* _About this exercise_:
Look in the listing below for the line that has "德国huebner郝柏娜儿童冷杉玉露草本清肺液100ml", then return it and each following line up to and including the one with "Сюжет Five Nights", exactly and without pictures.

* _Records for this exercise_:
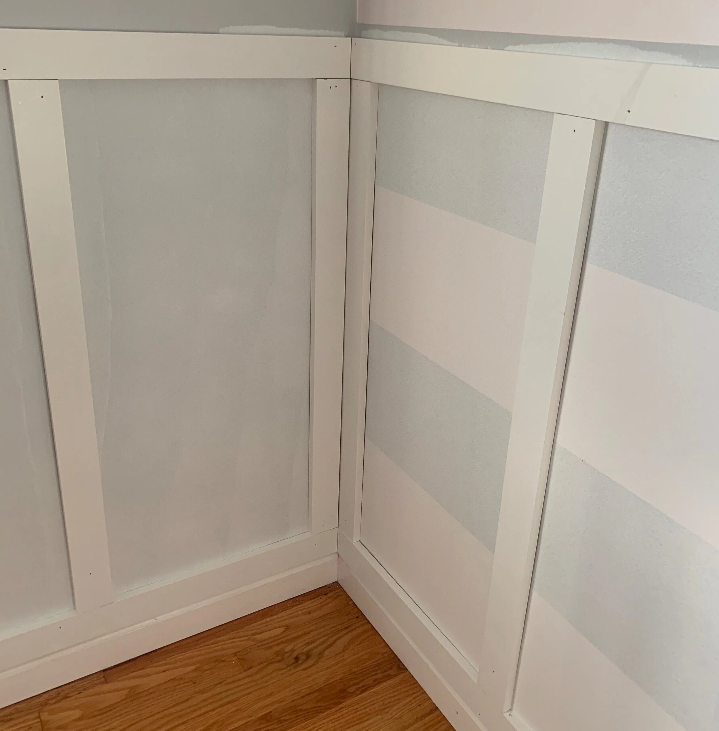 Once all the seams and holes were filled it was time to paint! We used a semi-gloss paint for the wainscoting to give it a slight sheen. You can see the finished product below.
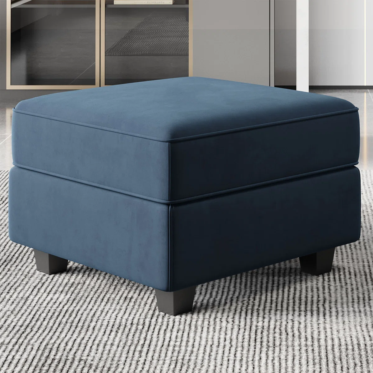 blue black velvet storage ottoman, black velvet storage ottoman, velvet storage ottoman, 26" blue black velvet storage, blue black velvet storage |
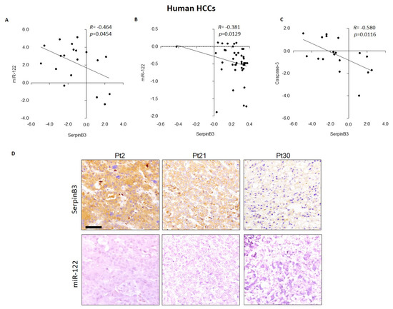 (A) Correlation graphs in human HCC tissues between miR-122 and SerpinB3 mRNA and (B) protein levels, as detected by qPCR and tissue microarray, respectively. Regarding the qPCR analysis, we considered only HCC samples with a Ct value lower than 35, which resulted in 19 out of 35 tested HCC samples. β-Actin was used as housekeeping gene for SerpinB3 normalization; U6RNA was used as housekeeping gene for miR-122 analysis. (C) Correlation graphs in human HCC tissues between SerpinB3 and caspase-3 mRNA levels, as detected by qPCR analysis. (D) Representative images of tissue microarray (TMA) in HCC samples from three patients (Pt2, Pt21 and Pt30) with different expression of miR-122 and SerpinB3 in sequential tissue slides. Scale bar 100 µM.
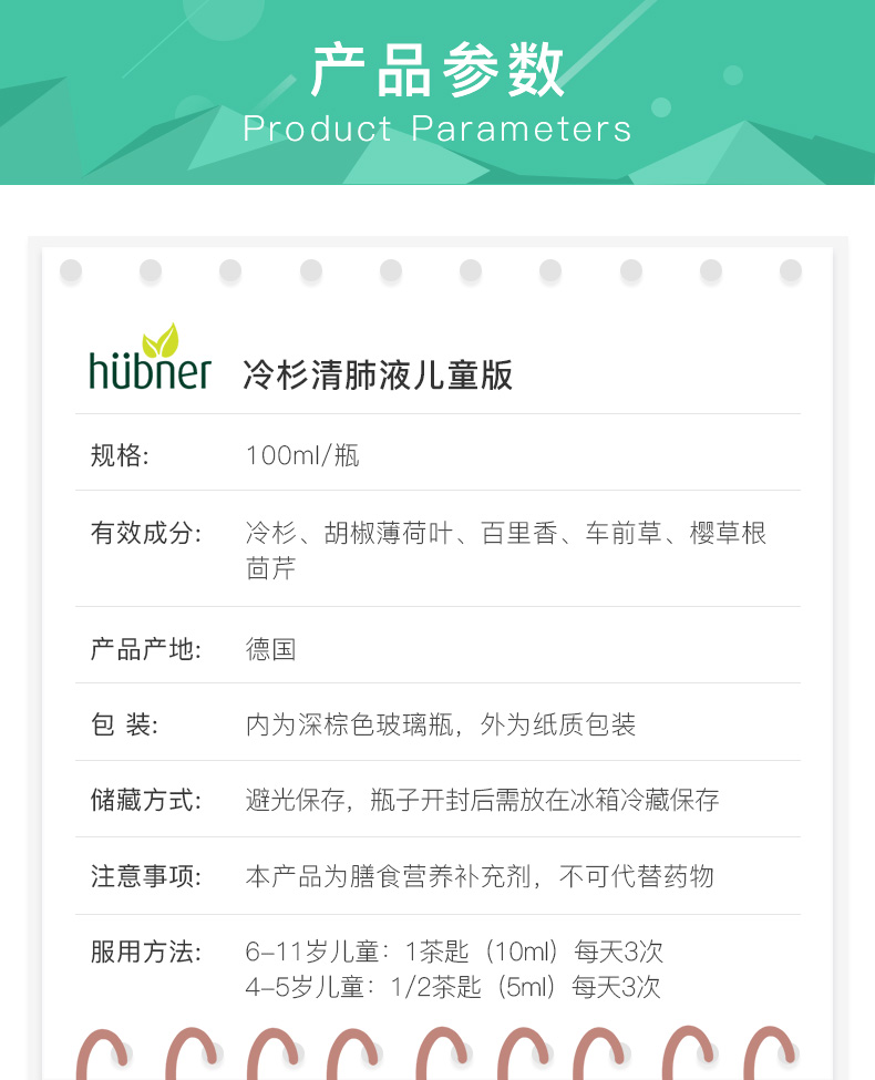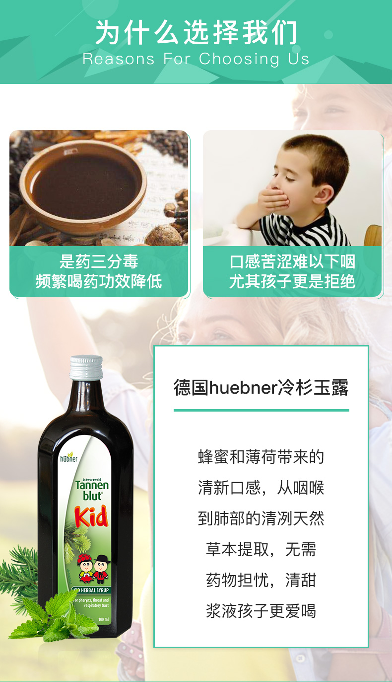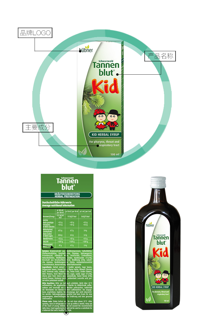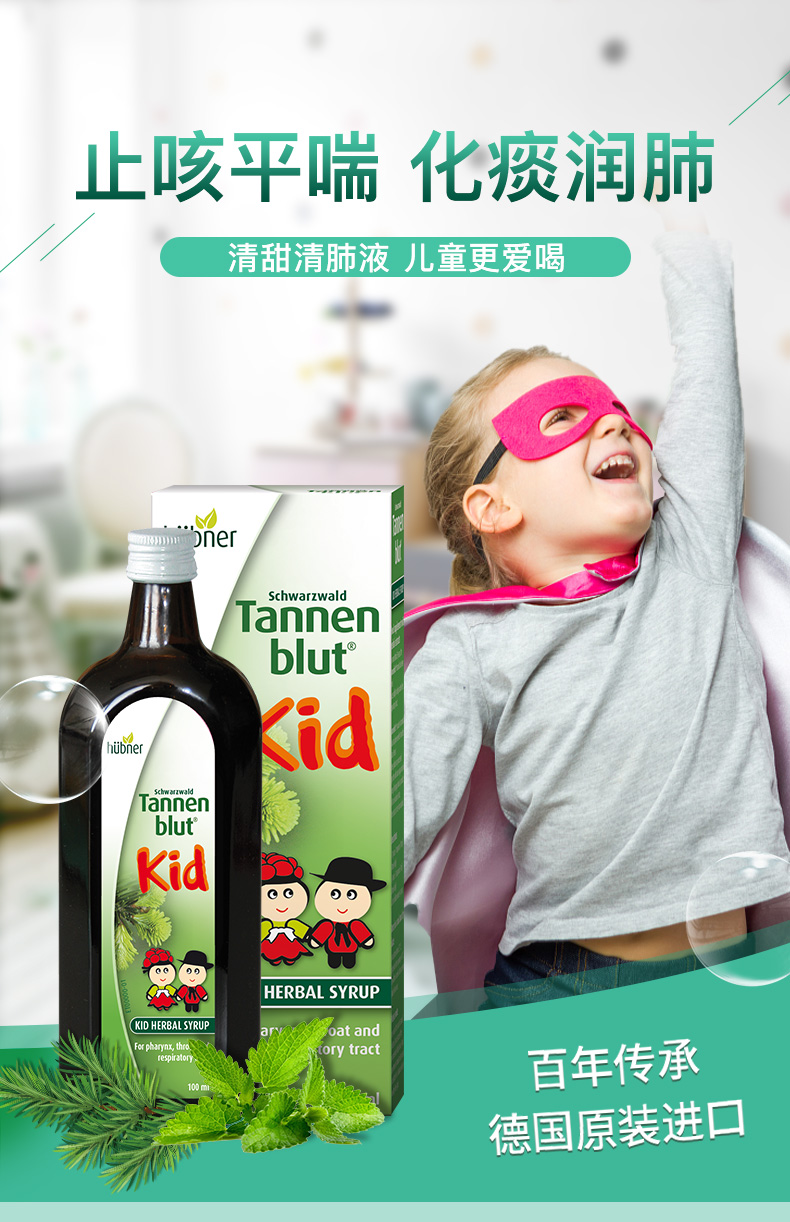 德国huebner郝柏娜儿童冷杉玉露草本清肺液100ml
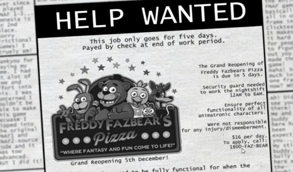 Сюжет Five Nights Before Freddy's развивается между звонками от Телефонного парня и событиями, происходящими после каждой ночи. Вы узнаете, что после пяти смен вас не ждет спокойная жизнь. После жалоб на странное поведение аниматроников руководство компании лишь угрожает увольнением. В итоге, после седьмой ночи, Клайда действительно увольняют, оставляя его историю незавершенной и мрачной.
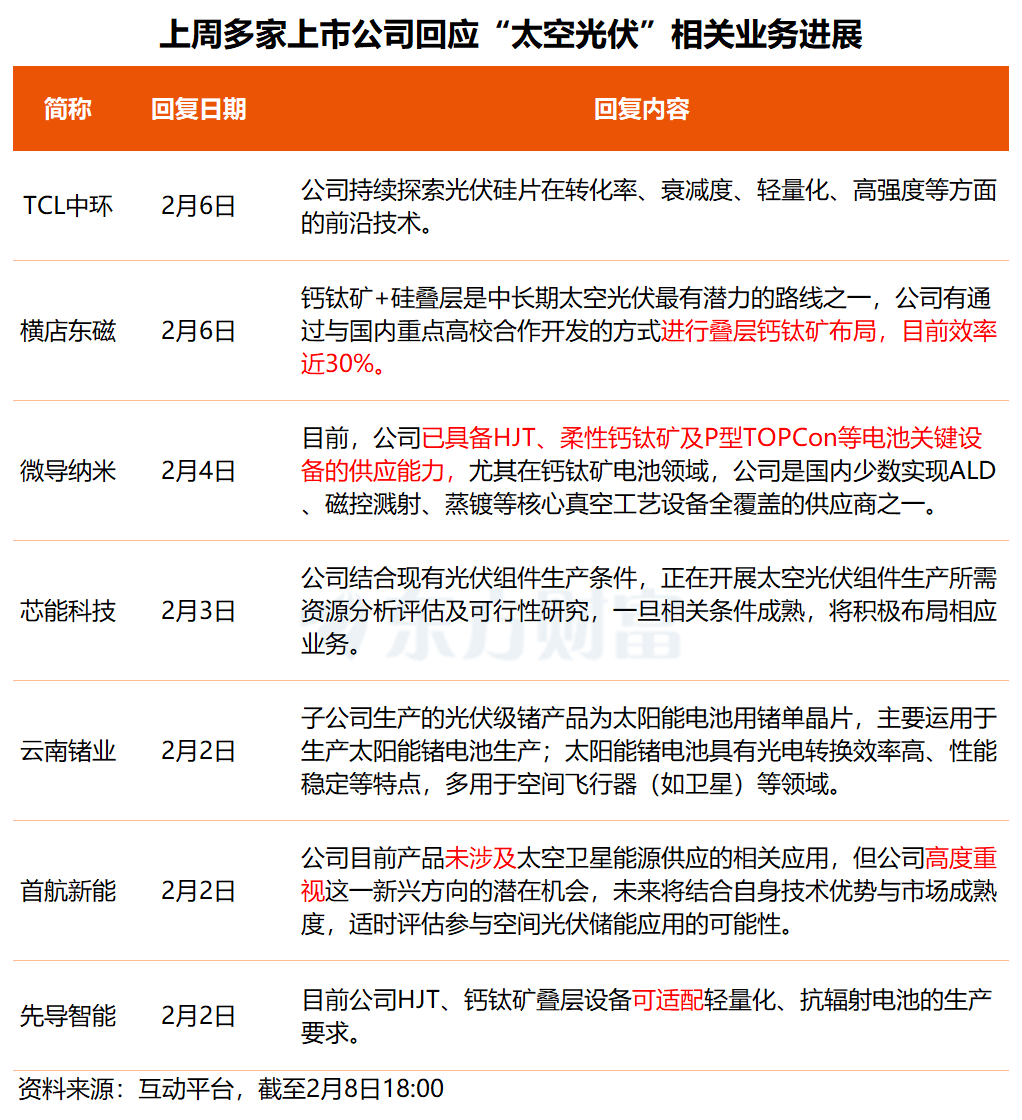横店东磁上周五在互动平台上表示,钙钛矿+硅叠层是中长期太空光伏最有潜力的路线之一,公司有通过与国内重点高校合作开发的方式进行叠层钙钛矿布局,目前效率近30%。公司同时提到:“未接触马斯克的太空光伏考察团队。”
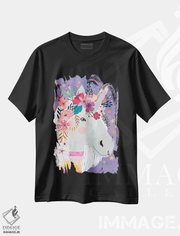 تیشرت مشکی طرح دار – تیشرت فانتزی ,تک شاخ اثر میا چارّو فروشگاه ایماژ تیشرت طرح فانتزی ,تک شاخ اثر میا چارّو
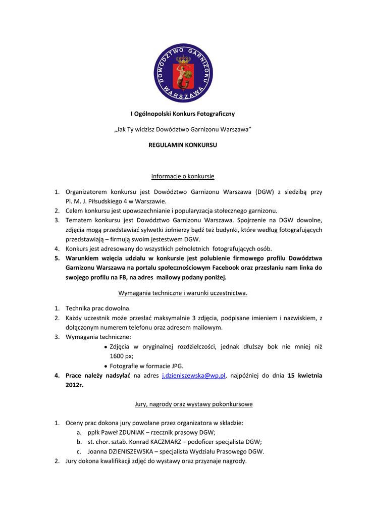 I Ogólnopolski Konkurs Fotograficzny „Jak Ty widzisz Dowództwo Garnizonu Warszawa” REGULAMIN KONKURSU Informacje o konkursie 1. Organizatorem konkursu jest Dowództwo Garnizonu Warszawa (DGW) z siedzibą przy Pl. M. J. Piłsudskiego 4 w Warszawie. 2. Celem konkursu jest upowszechnianie i popularyzacja stołecznego garnizonu. 3. Tematem konkursu jest Dowództwo Garnizonu Warszawa. Spojrzenie na DGW dowolne, zdjęcia mogą przedstawiad sylwetki żołnierzy bądź też budynki, które według fotografujących przedstawiają – firmują swoim jestestwem DGW. 4. Konkurs jest adresowany do wszystkich pełnoletnich fotografujących osób. 5. Warunkiem wzięcia udziału w konkursie jest polubienie firmowego profilu Dowództwa Garnizonu Warszawa na portalu społecznościowym Facebook oraz przesłaniu nam linka do swojego profilu na FB, na adres mailowy podany poniżej. Wymagania techniczne i warunki uczestnictwa. 1. Technika prac dowolna. 2. Każdy uczestnik może przesład maksymalnie 3 zdjęcia, podpisane imieniem i nazwiskiem, z dołączonym numerem telefonu oraz adresem mailowym. 3. Wymagania techniczne: Zdjęcia w oryginalnej rozdzielczości, jednak dłuższy bok nie mniej niż 1600 px; Fotografie w formacie JPG. 4. Prace należy nadsyład na adres [email protected], najpóźniej do dnia 15 kwietnia 2012r. Jury, nagrody oraz wystawy pokonkursowe 1. Oceny prac dokona jury powołane przez organizatora w składzie: a. ppłk Paweł ZDUNIAK – rzecznik prasowy DGW; b. st. chor. sztab. Konrad KACZMARZ – podoficer specjalista DGW; c. Joanna DZIENISZEWSKA – specjalista Wydziału Prasowego DGW. 2. Jury dokona kwalifikacji zdjęd do wystawy oraz przyznaje nagrody. 3. Posiedzenie jury odbędzie się 16 kwietnia 2012 r. 4. Jury zastrzega sobie prawo kwalifikacji wybranych fotografii do wystawy i nagrody. 5. Planowana główna nagroda to udział zwycięzcy w oficjalnych obchodach Święta Dowództwa Garnizonu Warszawa oraz wizyta w Dowództwie Garnizonu Warszawa – łącznie ze zwiedzaniem Sali Tradycji DGW oraz wnętrza Grobu Nieznanego Żołnierza. 6. Informacje o werdykcie zostaną rozesłane mailowo w dniu 16 kwietnia 2012 r. 7. Wystawa pokonkursowa zaprezentowana zostanie w oknach bocznych słynnego „Domu bez kantów” przy ul. Tokarzewskiego – Karaszewicza 4 w Warszawie, przy pomniku Marszałka Józefa Piłsudskiego. Postanowienia koocowe 1. Organizator konkursu zastrzega sobie prawo do bezpłatnej reprodukcji zdjęd w: katalogu, prasie, wystawie, internecie, mediach społecznościowych oraz w niekomercyjnych polach eksploatacji związanych z popularyzacją konkursu. 2. Zgłoszenie prac na konkurs uważane będzie za uznanie warunków regulaminu oraz wyrażenie zgody na publikowanie danych osobowych zgodnie z ustawą z dnia 28.08.1997 r. o ochronie danych osobowych (Dz. U. Nr 133 poz. 883). 3. Kontakt z koordynatorem: Joanna DZIENISZEWSKA, tel. (22) 687-91-02; e-mail: [email protected]
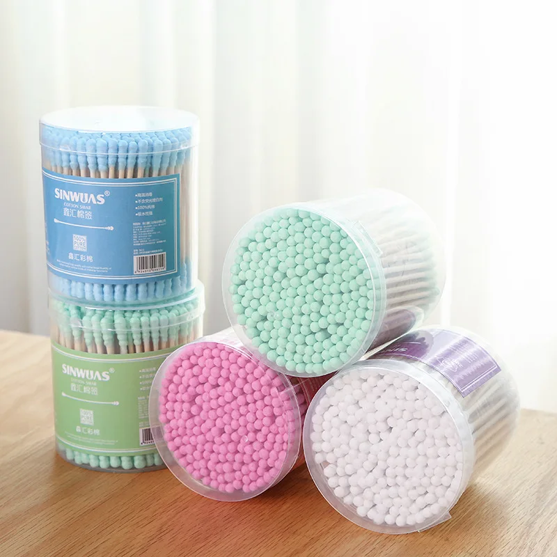 Розовые 100200 шт.коркорт. Ватные палочки с двойной головкой бамбуковые палочки ватные палочки одноразовые ватные палочки для красоты макияжа носа ушей Cleanin

* _Solution to this problem_:
 德国huebner郝柏娜儿童冷杉玉露草本清肺液100ml
 Сюжет Five Nights Before Freddy's развивается между звонками от Телефонного парня и событиями, происходящими после каждой ночи. Вы узнаете, что после пяти смен вас не ждет спокойная жизнь. После жалоб на странное поведение аниматроников руководство компании лишь угрожает увольнением. В итоге, после седьмой ночи, Клайда действительно увольняют, оставляя его историю незавершенной и мрачной.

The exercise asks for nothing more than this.